In Sen. Mary Lou Rath's (R-Williamsville) office, Bentley talked of proposed cuts to the Educational Opportunity Programs (EOP).

"The senator's always been very supportive of EOP," said Rath's legislative aide Sharon Rich. She also talked about the importance of SUNY to the economy of the communities: "It's always boggled my mind that the importance of higher education has not been on the top of the list. It has everything to do with economic development."

Next stop: The office of Assemblyman Martin Luster (D-Ithaca).

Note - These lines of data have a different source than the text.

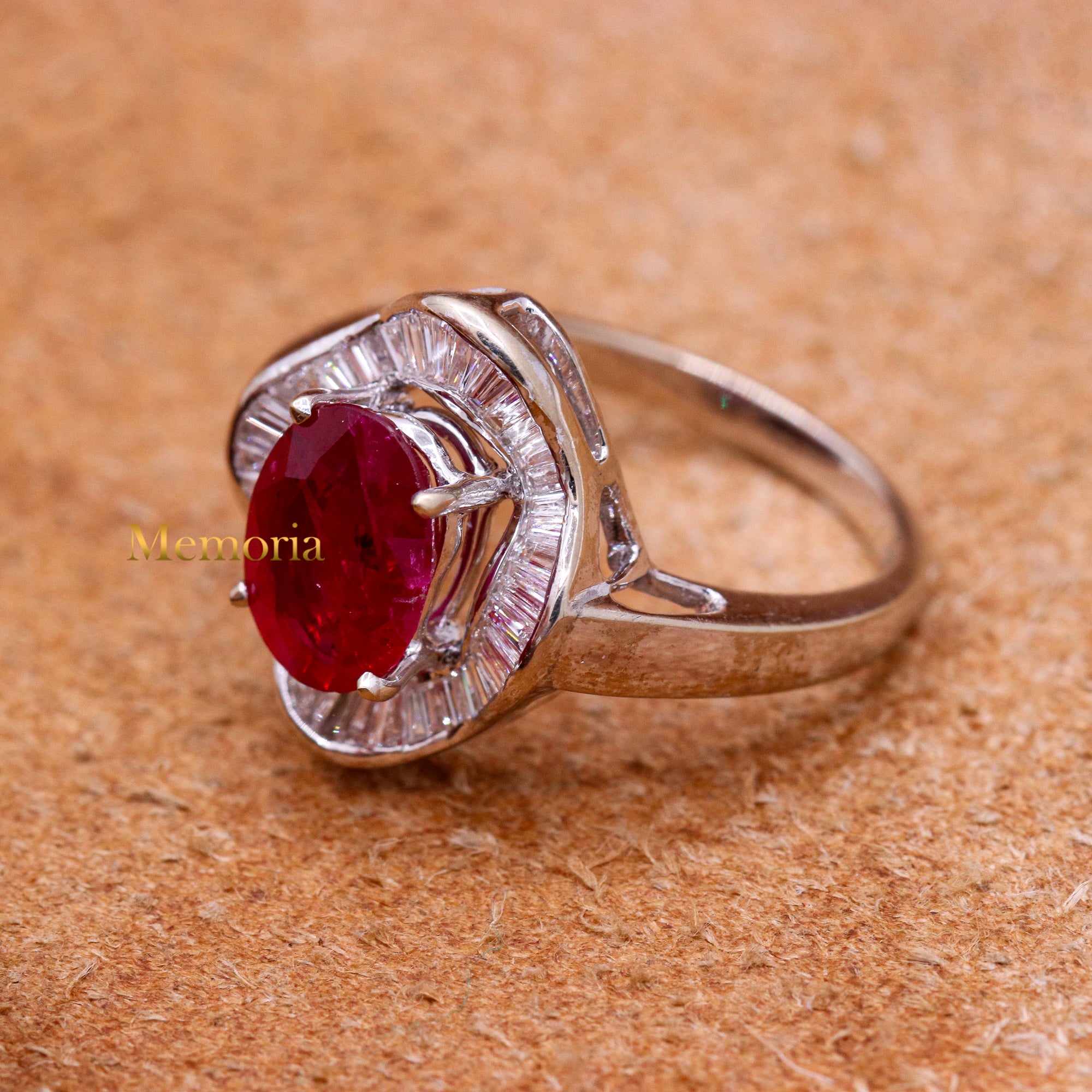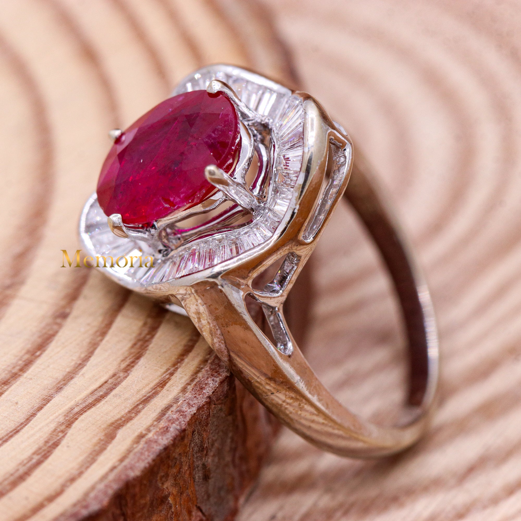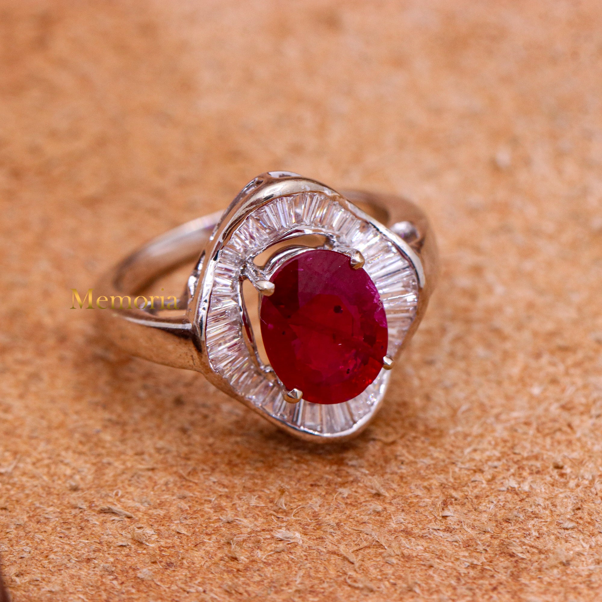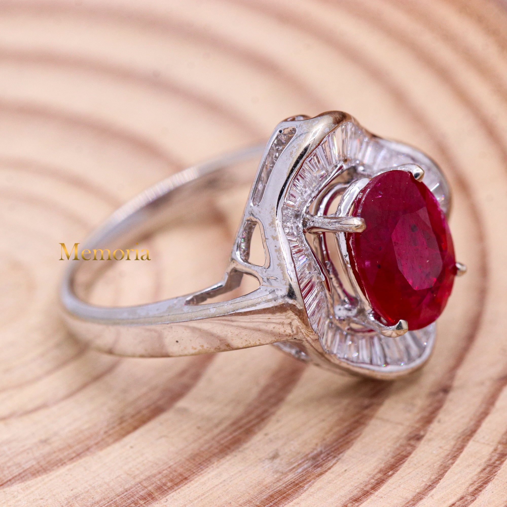 Buy Best Quality Certified Designer Natural Ruby Oval Shaped Faceted Cut Spiritual Chakra Healing Gemstone With Diamond Ring In 18k White Gold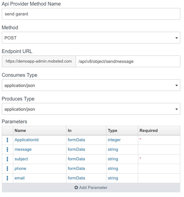 From the dropdown on the left select send garant in the Mobsted Provider that we created on the previous step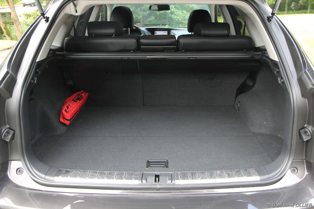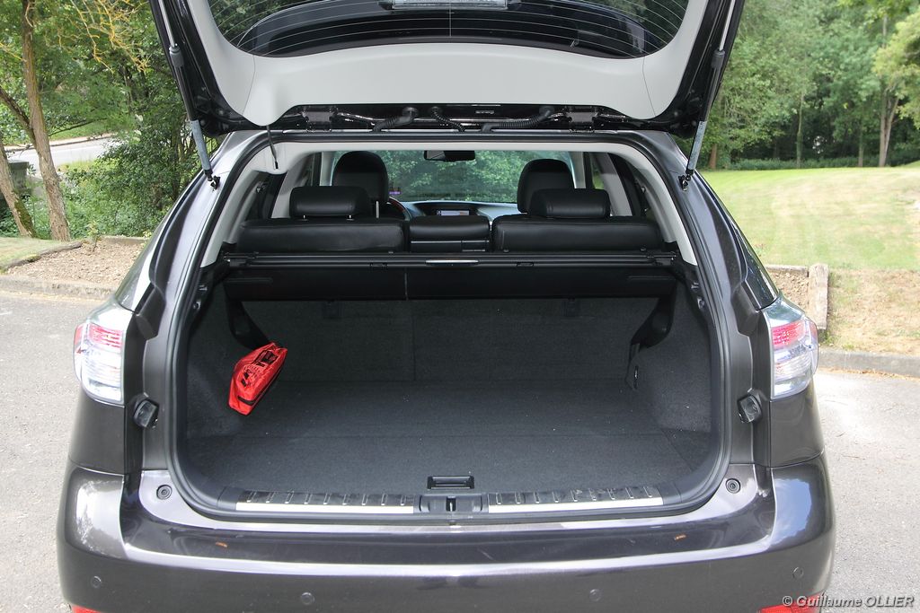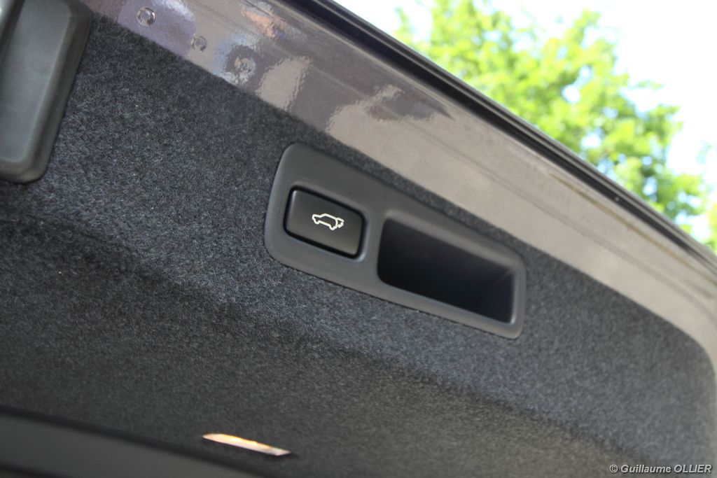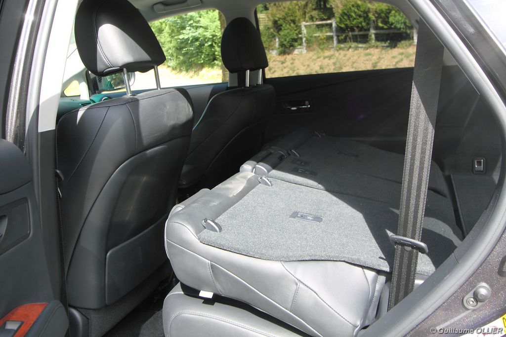 concentré sur la route puisqu’il indique la vitesse et les informations relatives au système audio. L’écran couleur LDC 8 pouces est complété par une commande multifonction « Remote Touch », autrement dit une sorte de joystick très ergonomique. Celle-ci vous permet de naviguer dans les différents menus et ainsi gérer la climatisation, la navigation, la téléphonie, la radio, un calendrier et même votre moyenne de consommation sous forme de graphique. Sans oublier les différents éléments d’entretien du véhicule, bref un ordinateur de bord plus que complet ! Le système Hi-fi Mark Levinson avec ses 15 hauts parleurs et son ampli de 100 watts nous a satisfaits, il dispose d’une prise USB compatible Ipod et il est doté d’un disque dur de 10 Go. Le GPS est assez intuitif, donc facile d’utilisation. Son graphisme est en revanche un peu dépassé. Globalement l’ergonomie est bonne et on apprécie la centralisation et le démarrage sans clé. Les passagers profitent d’un très bon niveau de confort à l’avant comme à l’arrière. Les multiples réglages de siège et de volant permettent de trouver une position de conduite idéale. Certains trouveront toutefois l’assise un peu trop haute. Les grands gabarits bénéficieront de l’aide à l’installation au poste de conduite, lorsque la porte est ouverte le volant et le siège conducteur électrique libèrent de la place. Les réglages peuvent être mémorisés jusqu’à trois combinaisons, même pour le passager ! Autre détail les sièges sont climatisés et chauffants. A l’arrière l’espace est de mise, les sièges coulissent longitudinalement et disposent de dossiers inclinables. La place du milieu est cependant étroite pour un adulte et le coffre n’accueille pas de siège supplémentaire comme le propose la concurrence. En dehors de ça, ce SUV est très confortable et soulignons que le cuir est d’excellente facture. Le coffre n’est pas pénalisé par l’emplacement des batteries puisqu’il offre un volume de chargement de 496 litres s’étendant jusqu’à 1 570 litres. La banquette se replie en trois parties, contrairement à la majorité des véhicules où seul deux éléments se replient. On gagne donc en modularité. Enfin, le hayon est électrique et peut s’actionner depuis le poste de conduite. Côté rangement, on retrouve de nombreux espaces accessibles au niveau des accoudoirs et sous la console centrale.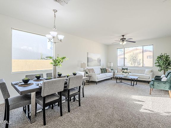 Beautiful 2 story home in highly desirable area in north Goodyear near freeway, shopping, restaurants, and schools. This home has 5 bedrooms, 3 bathrooms, and tons of space. Interior has been freshly painted and recarpeted throughout. Upon entry is a downstairs bedroom and guest bathroom. Continuing into the home opens up to a large formal living and dining room area with natural lighting. On the other side of the home are the family room overlooking the backyard and the recently updated kitchen. Kitchen includes all new appliances, sink, and faucet! Upstairs are 3 secondary bedrooms, guest bathroom, and primary bedroom suite. All bedrooms are well sized. This ideal layout is sure to meet your needs and is move in ready!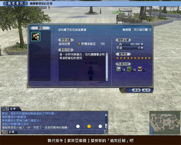 | 從冒險者公會的委託介紹人處可以接取新的發現任務。 並且還有新的追究任務・追究發現物。 |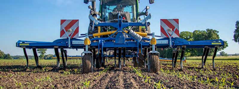 Le système d’ajustement breveté assure une adaptation rapide en continu des outils de binage au plus près du rang de culture – même durant le travail au champ.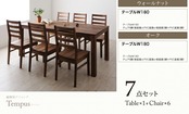 総無垢材ダイニング 7点セット(テーブル+チェア6脚) オーク 板座×PVC座 W180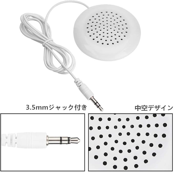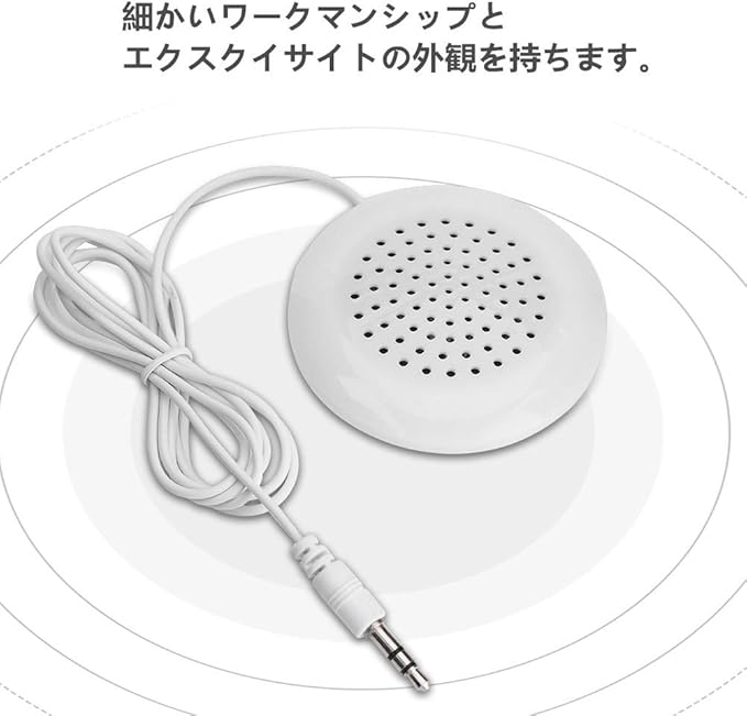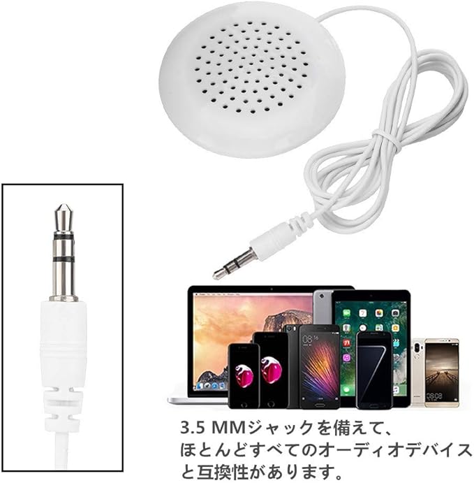 まくら用ボリューム スピーカー ミニ有線スピーカー 枕用スピーカー ポータブル 3.5mmジャック付き 軽量 コンパクト MP3/MP4/iPod Touch/ほとんどのオーディオデバイスと互換でき ホワイト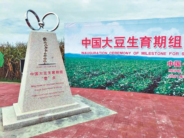 北緯50°15′,東經(jīng)127°27′,海拔168.5米——在黑河市矗立著一塊特殊的石碑,它就是中國(guó)大豆生育期組“零”點(diǎn)標(biāo)識(shí)碑。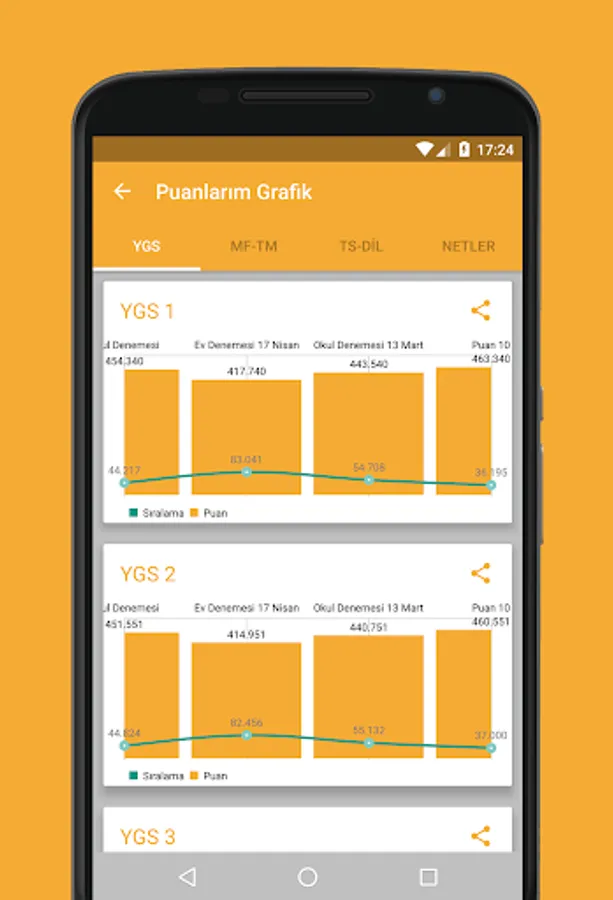 • Graphs are divided according to your score type and net. You can observe the changes with the graphics as ranking and points.
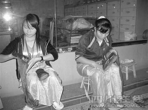 在一家火鍋店,電子專(zhuān)業(yè)高二學(xué)生邱飛詢(xún)問(wèn)一位顧客是否需要擦鞋——行話叫做“聯(lián)系貨物”。和一般的擦鞋人一人擦一雙不一樣,學(xué)生們的擦鞋是流水作業(yè):第一人先用清水勾縫、第二人上油、第三人用刷子拋光、第四人用抹布拋光……一雙皮鞋經(jīng)數(shù)人之手后,換得1元酬勞。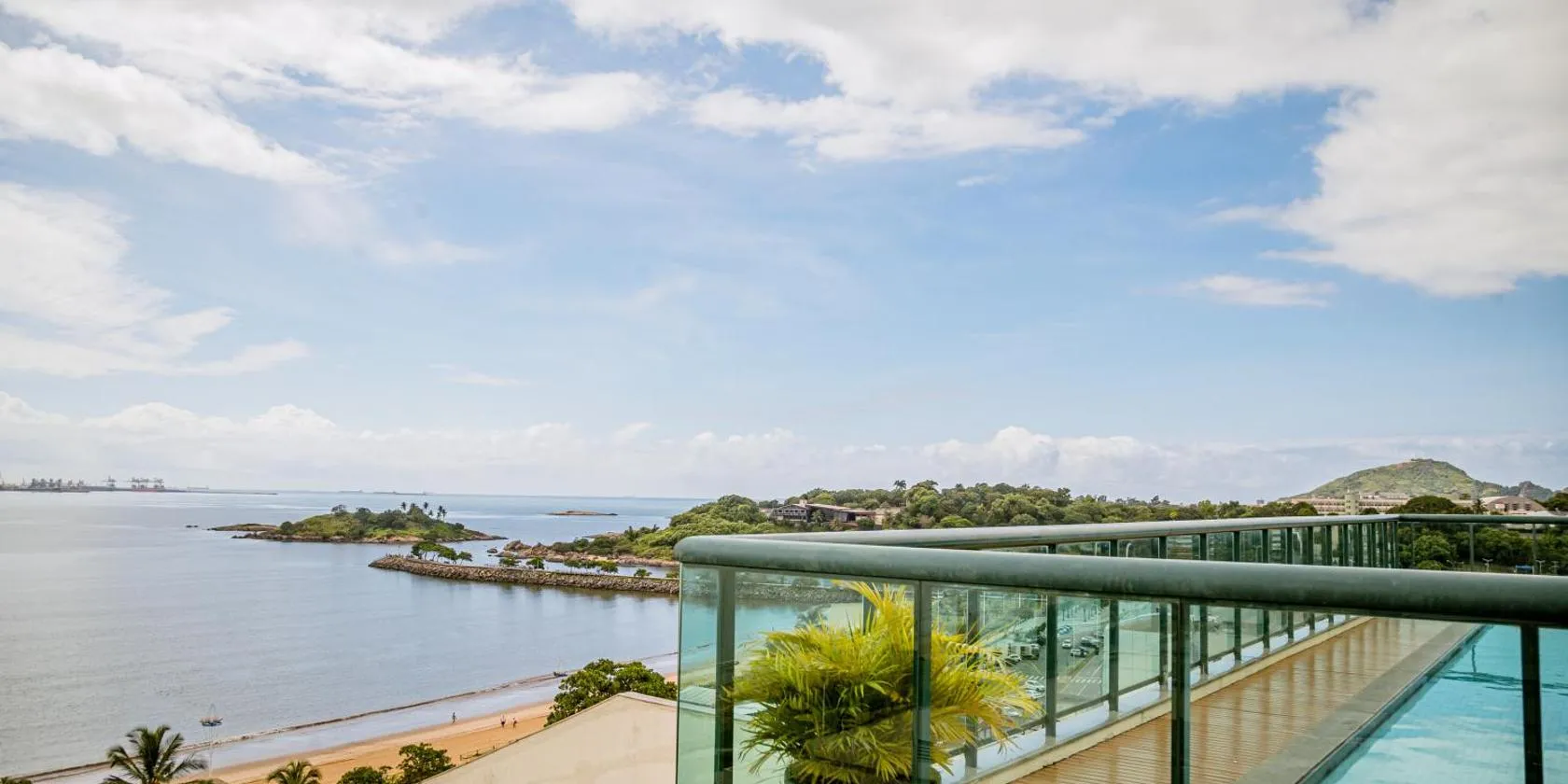 G1104 FRENTE MAR com varanda Piscina Ar cond Garagem ligger i Vila Velha og har aircondition og en privat pool, havudsigt og en terrasse. Dette feriehus har en balkon samt gratis wi-fi.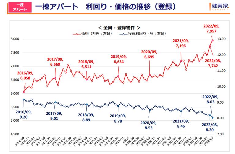 下のグラフは「不動産投資と収益物件の情報サイト 健美家( けんびや ) 」による『収益物件 市場動向マンスリーレポート 2022年9月期』であり、一棟アパートの表面利回りと価格の推移を表しています。

He was ready to hear about the plight of SUNY's hospitals.

"These are teaching hospitals with a dramatic teaching mission and that costs money," he said. "You can't compare them to a community hospital."

Joseph Morelle (D-Rochester), a SUNY Geneseo alum who also serves on the Assembly Higher Education Committee, said the governor would like to put aside this year's budget surplus for future tax cuts, "but the upstate economy can benefit from additional investment in SUNY and higher education."

UUPers told him how SUNY's colleges of technology are to implement four-year programs, but they haven't been given the funding for faculty to develop new courses.

Sen. Owen Johnson (R-Babylon) listened to UUP lobbyists talk about the need to restore full-time faculty lines. More and more adjuncts are being used to replace full-time faculty; a process retired professor John Hain, a New Paltz UUPer, called "a real shell game."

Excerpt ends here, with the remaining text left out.